**Provided records**
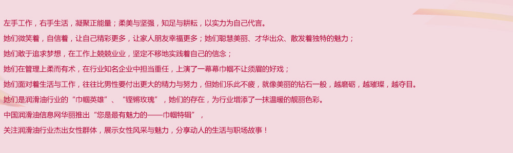 她热爱生活,热衷工作;她是一位热情洋溢的美国女子,在谈吐间不时流露知性与睿智;她是职场的女强人,有着不屈不挠的毅力;她离开家乡,来到了中国,担任在全球有着60年精彩传奇的WD-40品牌中国区总经理。她笑言,女人当自强,做真实的自己,是自己的人生格言。
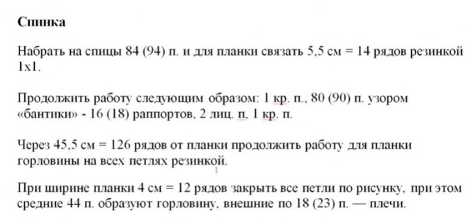 Плотность вязания: 23 п. х 30 р. = 10 х 10 см; планка на 11 п. = 3 см.
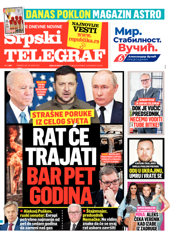 Naslovna strana Srpskog telegrafa za 28.03.2022.
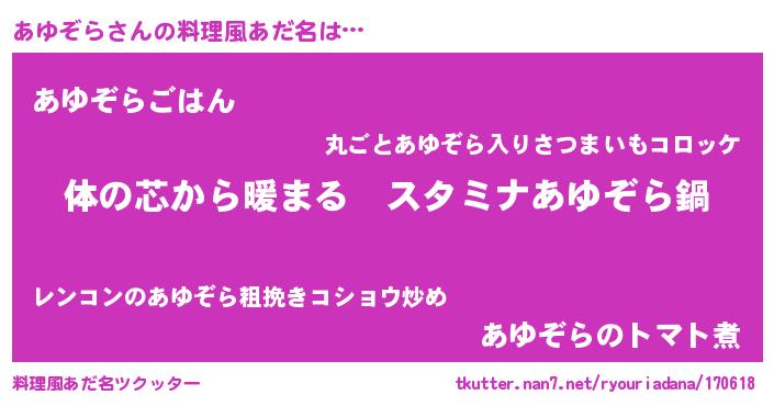 | ヒーロー風カッコイイあだ名 | 『ウルトラあゆぞらマン』『仮面アユダー』 |
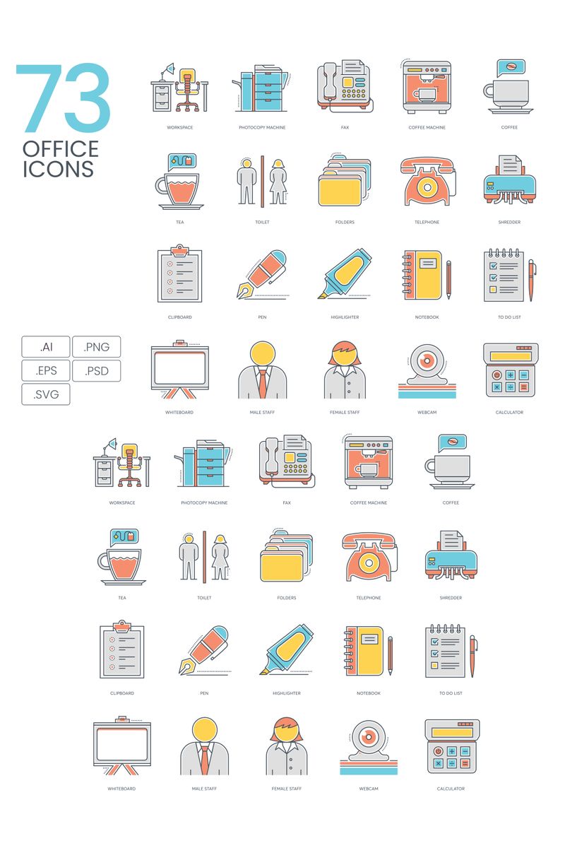 Download Набор иконок "73 Office Icons - ColorLine Series Set" / 73 Office Icons - ColorLine Series Set - Набор иконок на тему графика
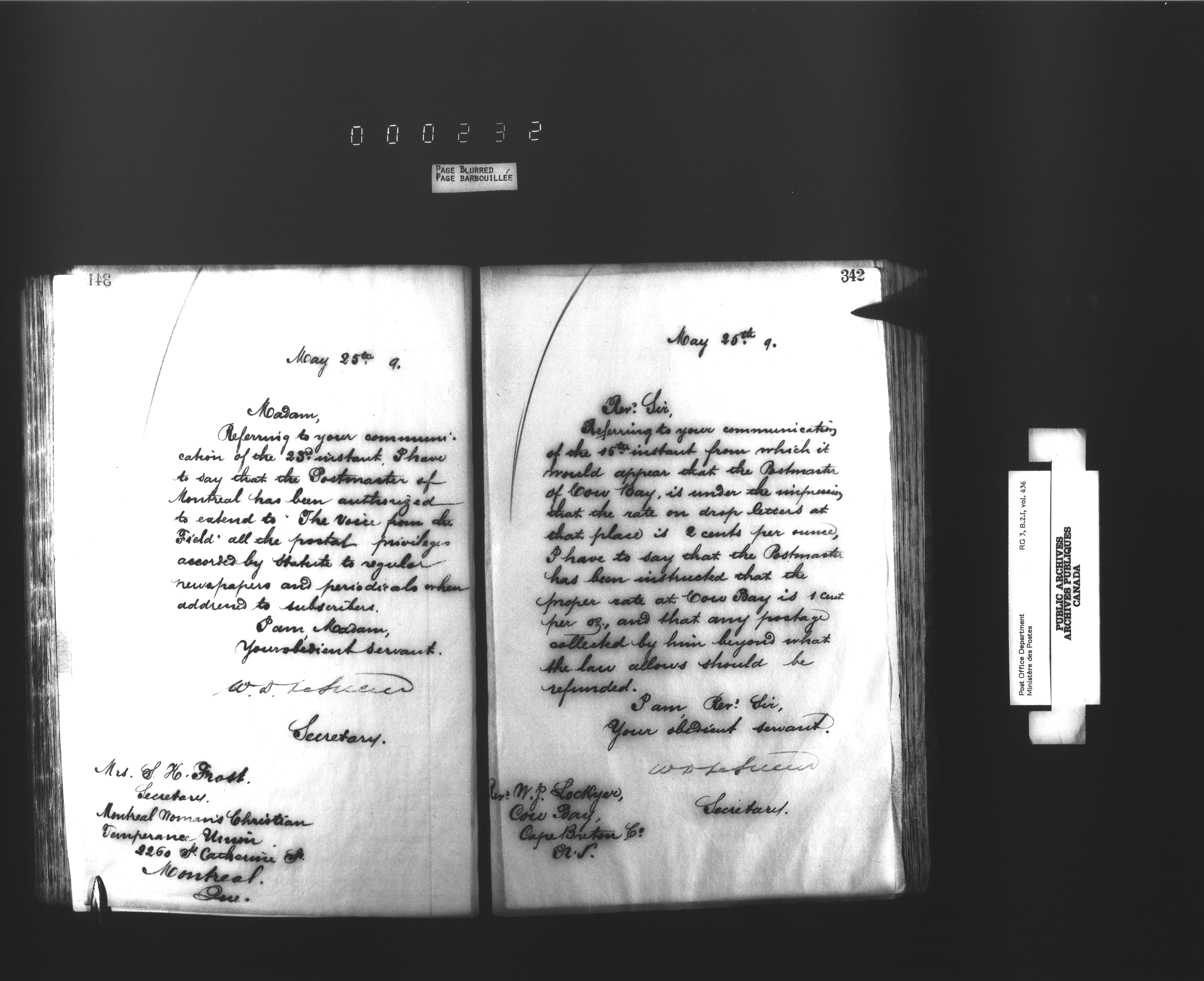 Records and general correspondence sent from the Postmaster General, 1851-1902 - 3902

**Task objective**
Each line from the one with "Download Набор иконок" through the final line of the records must be copied exactly, with no pictures and no additional lines.

**Solution to the exercise**
 Download Набор иконок "73 Office Icons - ColorLine Series Set" / 73 Office Icons - ColorLine Series Set - Набор иконок на тему графика
 Records and general correspondence sent from the Postmaster General, 1851-1902 - 3902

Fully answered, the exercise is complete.